**Records contained in a dataset**

=== Section Start ===

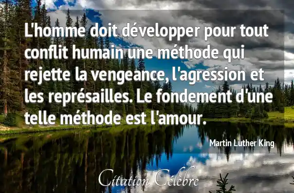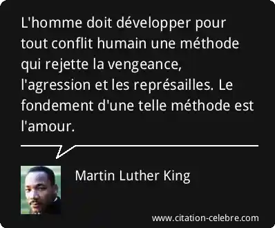 L'homme doit développer pour tout conflit humain une méthode qui rejette la vengeance, l'agression et les représailles. Le fondement d'une telle méthode est l'amour.
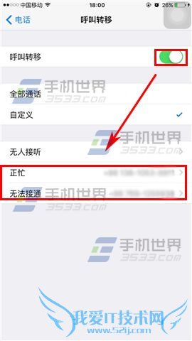 2)接着点击【呼叫转移】,打开【呼叫转移】右边开关,再输入【正忙】和【无法接通】要转移的【电话号码】。(如下图)
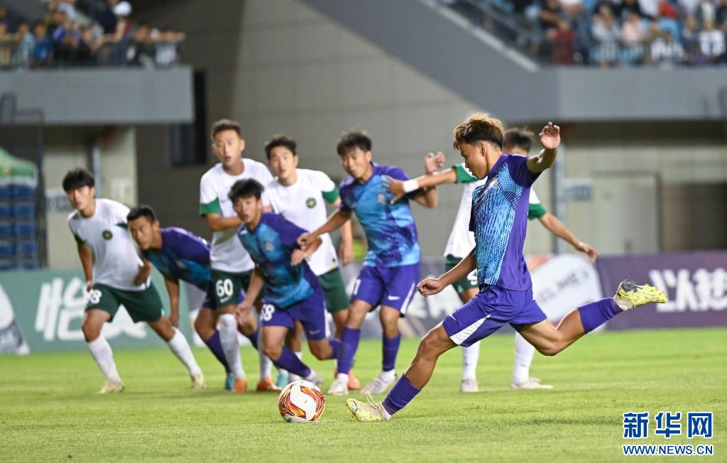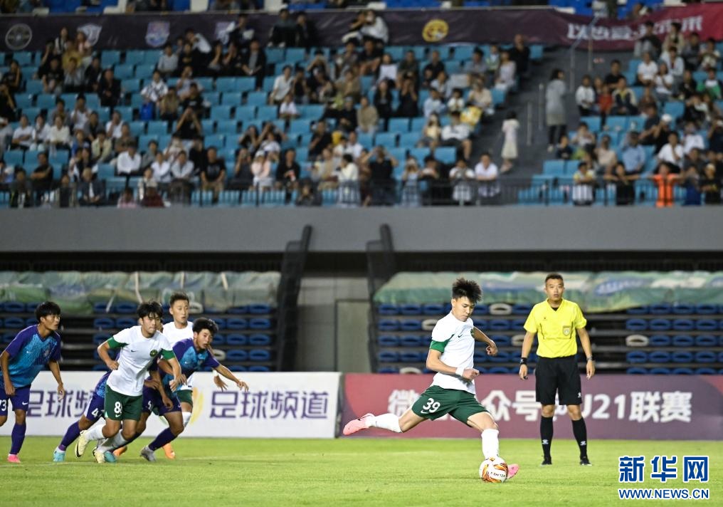 ??6月15日,浙江俱樂部U21隊球員王鈺棟(前右)在比賽中主罰點球得分。
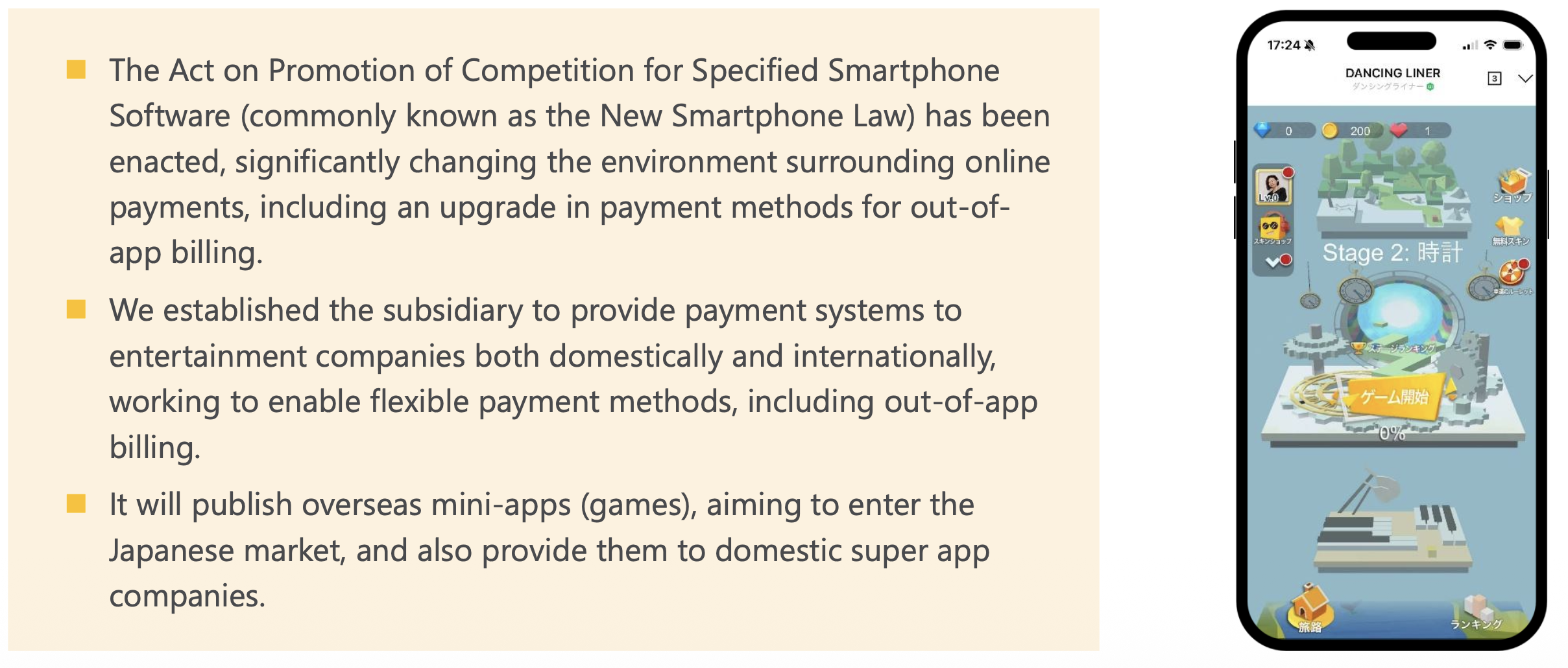 Responding to the "New Smartphone Law" (Act on Promotion of Competition for Specified Smartphone Software), NetStars established a subsidiary to handle out-of-app billing for smartphone games. This service allows game publishers to bypass traditional app store payment rails (and their high fees), offering a direct payment system for users. This represents a significant new revenue stream potential in the high-volume gaming market.
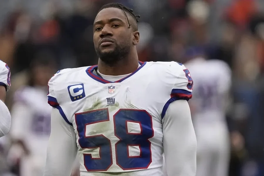 Nov 9, 2025; Chicago, Illinois, USA; New York Giants linebacker Bobby Okereke (58) leaves the field after losing to the Chicago Bears at Soldier Field. Mandatory...
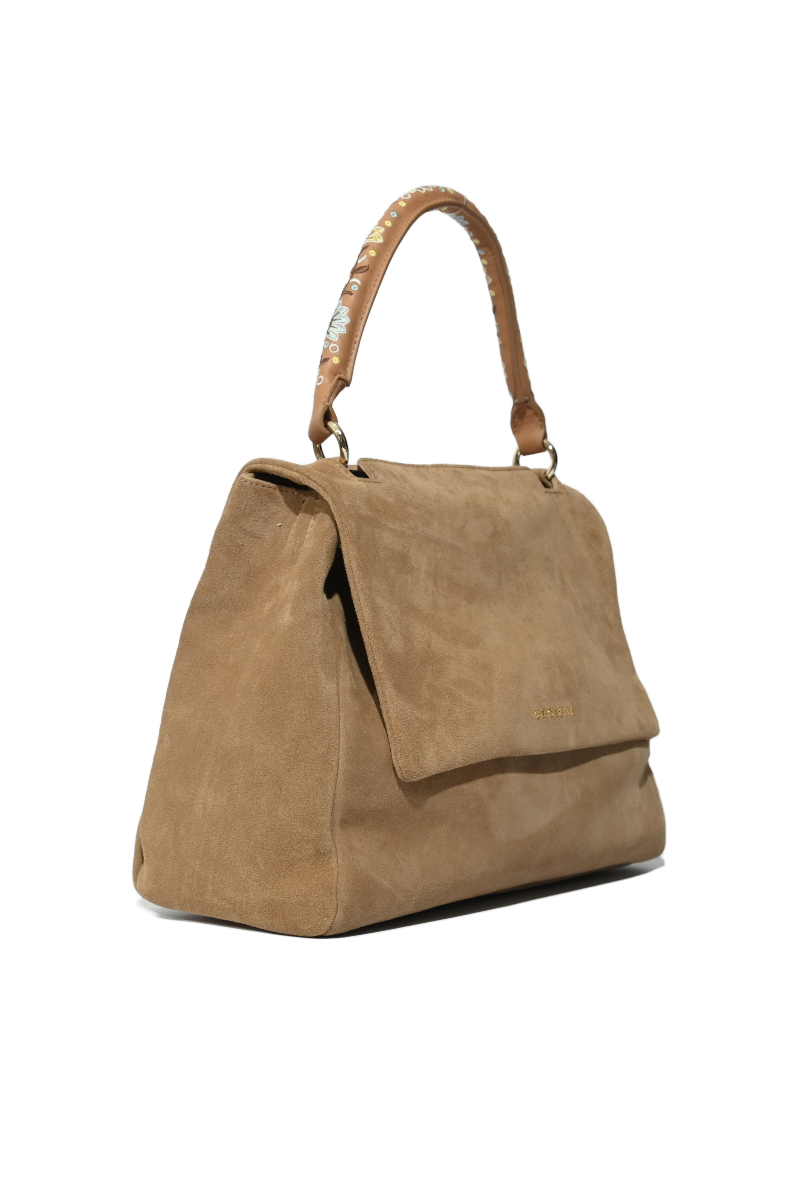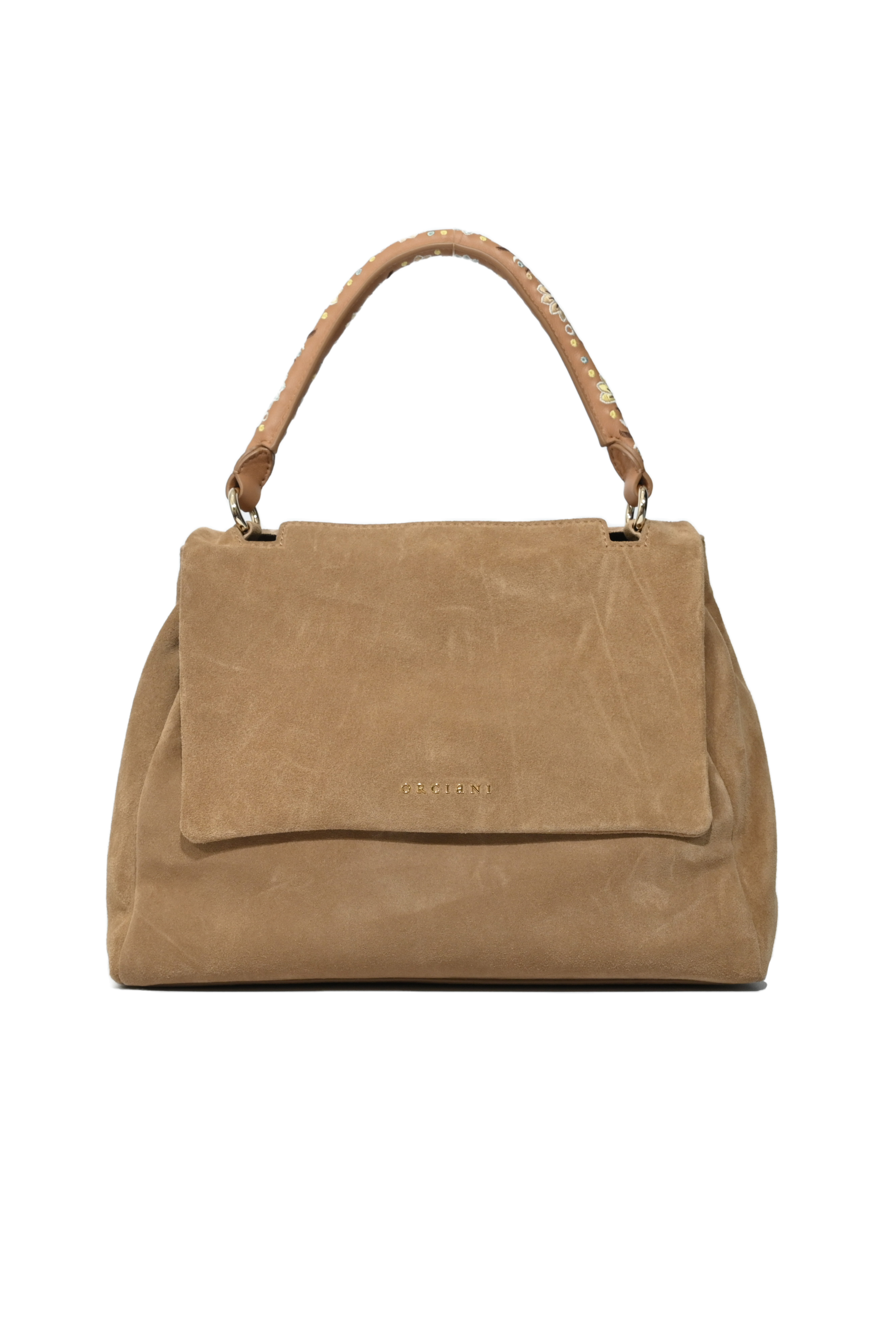 Borsa da donna in suede, Orciani, modello Sveva Peach Flowers Midi
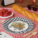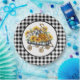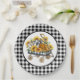 Eine wunderschöne schwarz-weiße Gingham-Musterplatte mit Vintagem Spielzeugwagen mit Sonnenblumen und Kürbiskins.
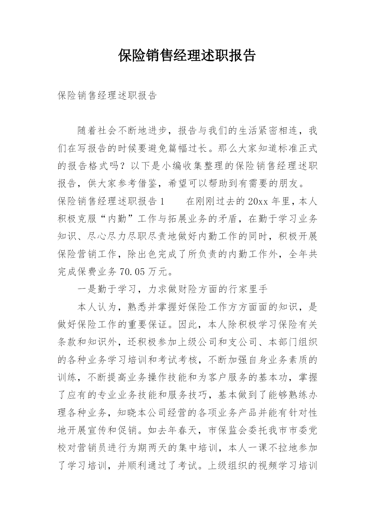 保险销售经理述职报告保险销售经理述职报告随着社会不断地进步,报告与我们的生活紧密相连,我们在写报告的时候要避免篇幅过长。那么大家知道标准正式的报告格式吗?以下是小编收集整理的保险销售经理述职报告,供大家参考借鉴,希望可以帮助到有需要的朋友。保险销售经理述职报告1在刚刚过去的20xx年里,本人积极克服“内勤”工作与拓展业务的矛盾,在勤于学习业务知识、尽心尽力尽职尽责地做好内勤工作的同时,积极开展保险营销工作,除出色完成了所负责的内勤工作外,全年共完成保费业务70.05万元。一是勤于学习,力求做财险方面的行家
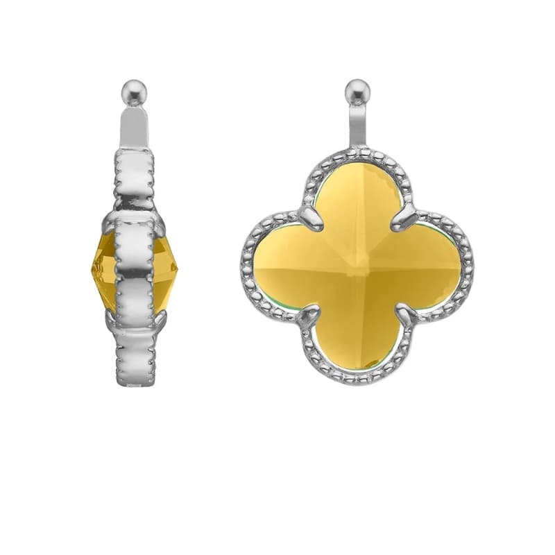 Heide Heinzendorff aanhangers in de vorm van een klaver. Leuke klaver aanhangers met geel glas. De aanhangers zijn verkrijgbaar met een zilver of een verguld zilver montuur. U ontvangt de aanhangers in cadeauverpakking.
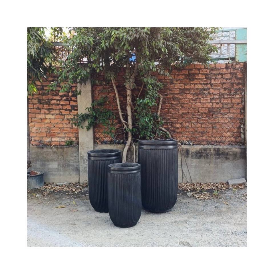 Luxury Eco-Friendly Tall Outdoor Fiber Concrete Planters Round Striped Design for Rooftop and Urban Gardens and Home Use
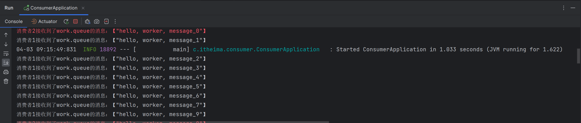 System.out.println("消费者1接收到了work.queue的消息:【" + msg + "】");
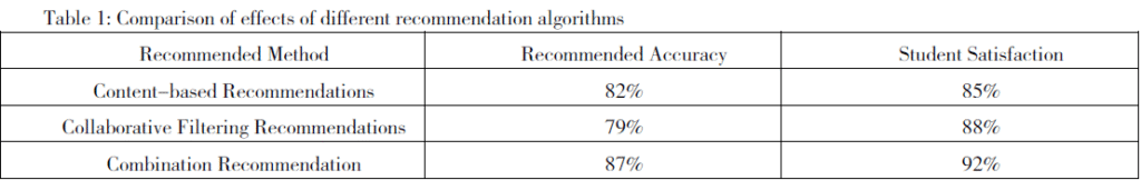 Teaching resource recommendation is to use the recommendation system algorithm to automatically recommend personalized teaching resources suitable for students’ learning needs based on their learning characteristics, knowledge level, learning preferences, etc. Through the recommendation of teaching resources, students can be provided with “thousands of people, thousands of faces” learning content and improve learning efficiency and quality. Common recommendation algorithms include content-based recommendations,collaborative filtering recommendations, combined recommendations, etc. Taking content-based recommendations as an example, the system can match and push relevant English reading articles, audio-visual materials, vocabulary exercises and other learning resources based on students’ English proficiency, learning style, target exams and other characteristics. For another example, collaborative filtering recommendation can be used to explore the learning behavior patterns of different student groups, and based on the principle of “birds of a feather flock together”, recommend to students learning resources that other students with similar learning behaviors like.
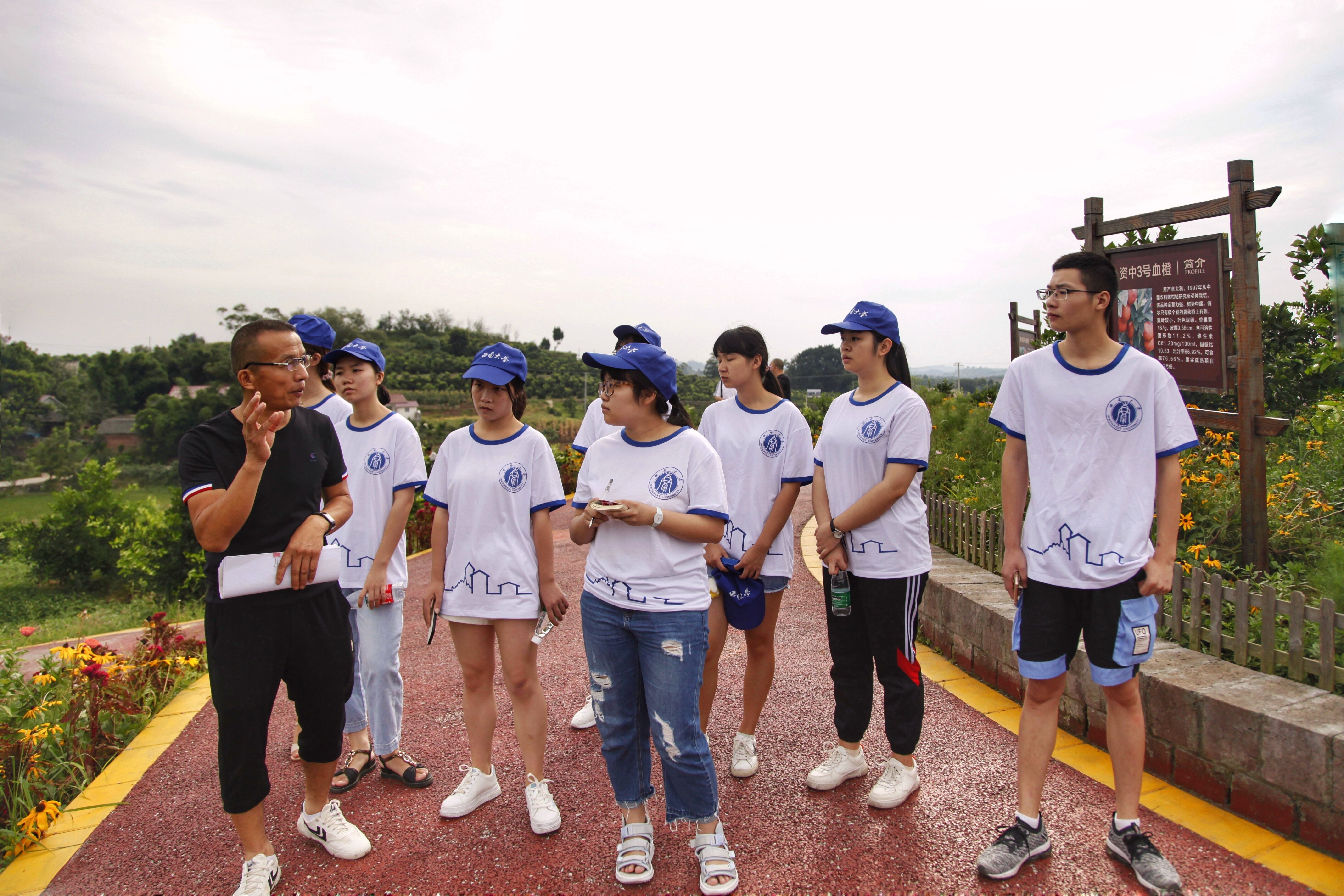 第一天,小分队成员参观了银山镇万亩血橙基地,学习了新型农产品资中血橙的种植和营销思路及促农增收的运行模式。下午,小分队成员来到银山镇街道与当地居民交流及问卷填写,关于“资中县万亩血橙基地血橙发展现状”进行深入调研。
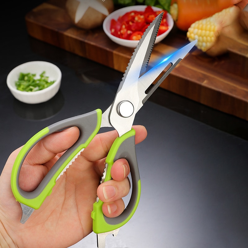 Product Description High-quality materials: Made of high-quality stainless steel, easy to use, easy to clean and long service life. Modern design: Comfortable, flexible handles are designed for left or right hand use. The screws can be adjusted to facilitate the use of different scenes. Versatile: Our cooking scissors perform flawlessly in all major kitchen tasks, such as poultry, meat cutting, chicken, poultry bones, vegetables, fish, herbs, pizza and more. Suitable for kitchens, crafts, gardening, etc. Unique quality: sturdy, thick and sharp.
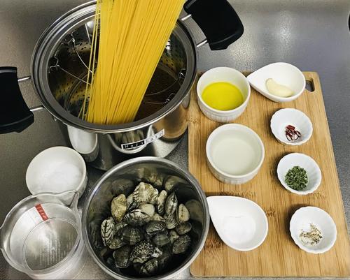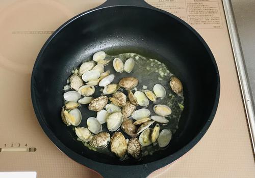 フライパンにオリーブオイル、みじん切りにしたにんにく、輪切りにした鷹の爪を入れ弱火にかけて香りを出す。香りがしてきたら強火にし、あさり、酒を加え蓋をして蒸す。あさりが開いてきたら蓋を外し、一度取り出す。一度取り出すことであさりが硬くならず、ふっくらと仕上がる。

=== Section End ===

**BRIEF**
What is needed is a word-for-word copy of the records above, excluding pictures.

**ANSWER SECTION**
 L'homme doit développer pour tout conflit humain une méthode qui rejette la vengeance, l'agression et les représailles. Le fondement d'une telle méthode est l'amour.
 2)接着点击【呼叫转移】,打开【呼叫转移】右边开关,再输入【正忙】和【无法接通】要转移的【电话号码】。(如下图)
 ??6月15日,浙江俱樂部U21隊球員王鈺棟(前右)在比賽中主罰點球得分。
 Responding to the "New Smartphone Law" (Act on Promotion of Competition for Specified Smartphone Software), NetStars established a subsidiary to handle out-of-app billing for smartphone games. This service allows game publishers to bypass traditional app store payment rails (and their high fees), offering a direct payment system for users. This represents a significant new revenue stream potential in the high-volume gaming market.
 Nov 9, 2025; Chicago, Illinois, USA; New York Giants linebacker Bobby Okereke (58) leaves the field after losing to the Chicago Bears at Soldier Field. Mandatory...
 Borsa da donna in suede, Orciani, modello Sveva Peach Flowers Midi
 Eine wunderschöne schwarz-weiße Gingham-Musterplatte mit Vintagem Spielzeugwagen mit Sonnenblumen und Kürbiskins.
 保险销售经理述职报告保险销售经理述职报告随着社会不断地进步,报告与我们的生活紧密相连,我们在写报告的时候要避免篇幅过长。那么大家知道标准正式的报告格式吗?以下是小编收集整理的保险销售经理述职报告,供大家参考借鉴,希望可以帮助到有需要的朋友。保险销售经理述职报告1在刚刚过去的20xx年里,本人积极克服“内勤”工作与拓展业务的矛盾,在勤于学习业务知识、尽心尽力尽职尽责地做好内勤工作的同时,积极开展保险营销工作,除出色完成了所负责的内勤工作外,全年共完成保费业务70.05万元。一是勤于学习,力求做财险方面的行家
 Heide Heinzendorff aanhangers in de vorm van een klaver. Leuke klaver aanhangers met geel glas. De aanhangers zijn verkrijgbaar met een zilver of een verguld zilver montuur. U ontvangt de aanhangers in cadeauverpakking.
 Luxury Eco-Friendly Tall Outdoor Fiber Concrete Planters Round Striped Design for Rooftop and Urban Gardens and Home Use
 System.out.println("消费者1接收到了work.queue的消息:【" + msg + "】");
 Teaching resource recommendation is to use the recommendation system algorithm to automatically recommend personalized teaching resources suitable for students’ learning needs based on their learning characteristics, knowledge level, learning preferences, etc. Through the recommendation of teaching resources, students can be provided with “thousands of people, thousands of faces” learning content and improve learning efficiency and quality. Common recommendation algorithms include content-based recommendations,collaborative filtering recommendations, combined recommendations, etc. Taking content-based recommendations as an example, the system can match and push relevant English reading articles, audio-visual materials, vocabulary exercises and other learning resources based on students’ English proficiency, learning style, target exams and other characteristics. For another example, collaborative filtering recommendation can be used to explore the learning behavior patterns of different student groups, and based on the principle of “birds of a feather flock together”, recommend to students learning resources that other students with similar learning behaviors like.
 第一天,小分队成员参观了银山镇万亩血橙基地,学习了新型农产品资中血橙的种植和营销思路及促农增收的运行模式。下午,小分队成员来到银山镇街道与当地居民交流及问卷填写,关于“资中县万亩血橙基地血橙发展现状”进行深入调研。
 Product Description High-quality materials: Made of high-quality stainless steel, easy to use, easy to clean and long service life. Modern design: Comfortable, flexible handles are designed for left or right hand use. The screws can be adjusted to facilitate the use of different scenes. Versatile: Our cooking scissors perform flawlessly in all major kitchen tasks, such as poultry, meat cutting, chicken, poultry bones, vegetables, fish, herbs, pizza and more. Suitable for kitchens, crafts, gardening, etc. Unique quality: sturdy, thick and sharp.
 フライパンにオリーブオイル、みじん切りにしたにんにく、輪切りにした鷹の爪を入れ弱火にかけて香りを出す。香りがしてきたら強火にし、あさり、酒を加え蓋をして蒸す。あさりが開いてきたら蓋を外し、一度取り出す。一度取り出すことであさりが硬くならず、ふっくらと仕上がる。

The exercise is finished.